►
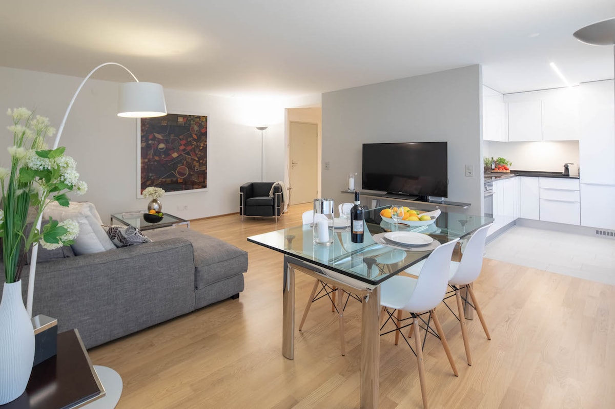 Welcome to Visionary Hospitality in Bassersdorf, Zürich. Apartment 101 is one of five at this Location. Main Advantages House => Elevator => Bus Stop in Front of House => Free Parking / Paid EV Charging Main Advantages Apartment => Garden => King Beds => Guest Bath => 75" Smart TV => Free Consumables => Free Washer / Dryer => Fully Stocked Kitchen => Iron with Board / Vacuum => Nespresso Coffee Machine, Microwave, Toaster, Kettle On Request => Vaulted Cellar for Events
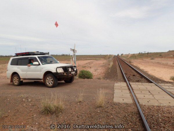 - Crossing the Trans Australian Railway near Tarcoola, SA
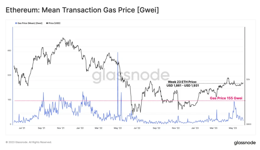 自今年 3 月份以来,ETH 价格一直在相对稳定的范围内震荡,在这个阶段,平均 gas 费为 76 GWE。但 gas 价格在 5 月份经历了较为明显的上涨, 5 月初的平均 gas 费达到 155 GWEI,几乎达到了 2021 – 2022 年牛市周期的水平。
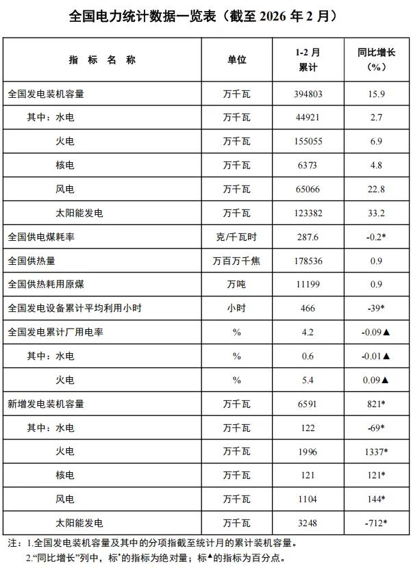 中新网3月25日电 据国家能源局微信公众号消息,3月25日,国家能源局发布2026年1-2月份全国电力统计数据。
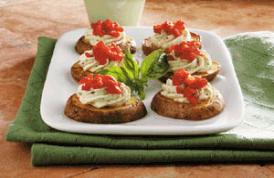 desired. Pipe or spoon about 2 teaspoons pesto mixture onto each potato; top with red
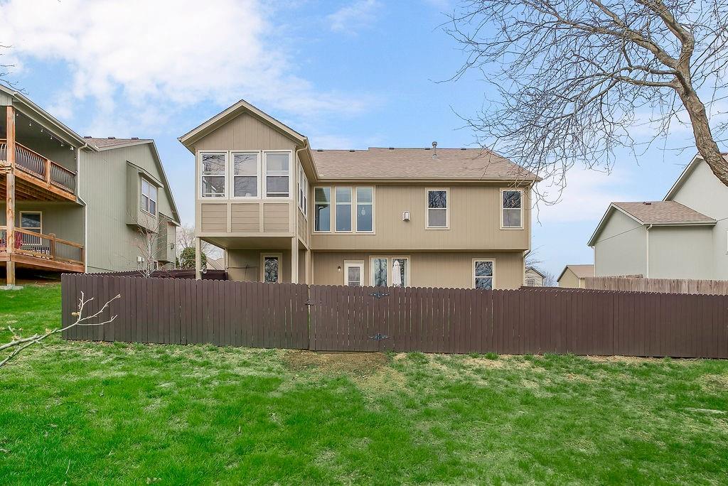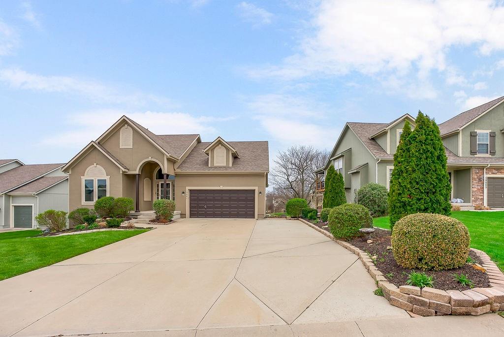 Stunning 4 bedroom, 3 bath reverse 1.5 story nestled on a cul-de-sac, offering a walk-out lower level to a fully fenced backyard. This meticulously maintained home features fresh paint inside and out, new carpet in bedrooms and stairs and newly landscaped grounds — truly move-in ready. The thoughtful layout places the primary suite and a second bedroom and full bath on the main floor, while the lower level offers a second living area, two additional bedrooms, and a third full bath — just the right amount of space for everyone. The open floor plan is packed with modern features and designed for comfortable living and entertaining. At the heart of the home, the kitchen, dining area, and great room flow seamlessly together, anchored by a cozy gas fireplace. The kitchen showcases custom cabinetry, granite countertops, a large island, and a pantry for ample storage. A wall of windows floods the great room with natural light and frames beautiful views of the backyard. Step into the sunroom, an additional 110 sq feet, is just off the dining area — the perfect spot for your morning coffee or evening wind-down, with more serene backyard views. The lower level recreational room walks out to a patio and the fenced backyard, and the property extends beyond the fenced area for added space. Conveniently located near highways, retail, dining, and entertainment — this home truly has it all!
◄
EXERCISE DESCRIPTION
Return exactly the lines of the data, beginning with the first and ending with the line containing "desired. Pipe or". Skip the pictures.

WRITTEN ANSWER
 Welcome to Visionary Hospitality in Bassersdorf, Zürich. Apartment 101 is one of five at this Location. Main Advantages House => Elevator => Bus Stop in Front of House => Free Parking / Paid EV Charging Main Advantages Apartment => Garden => King Beds => Guest Bath => 75" Smart TV => Free Consumables => Free Washer / Dryer => Fully Stocked Kitchen => Iron with Board / Vacuum => Nespresso Coffee Machine, Microwave, Toaster, Kettle On Request => Vaulted Cellar for Events
 - Crossing the Trans Australian Railway near Tarcoola, SA
 自今年 3 月份以来,ETH 价格一直在相对稳定的范围内震荡,在这个阶段,平均 gas 费为 76 GWE。但 gas 价格在 5 月份经历了较为明显的上涨, 5 月初的平均 gas 费达到 155 GWEI,几乎达到了 2021 – 2022 年牛市周期的水平。
 中新网3月25日电 据国家能源局微信公众号消息,3月25日,国家能源局发布2026年1-2月份全国电力统计数据。
 desired. Pipe or spoon about 2 teaspoons pesto mixture onto each potato; top with red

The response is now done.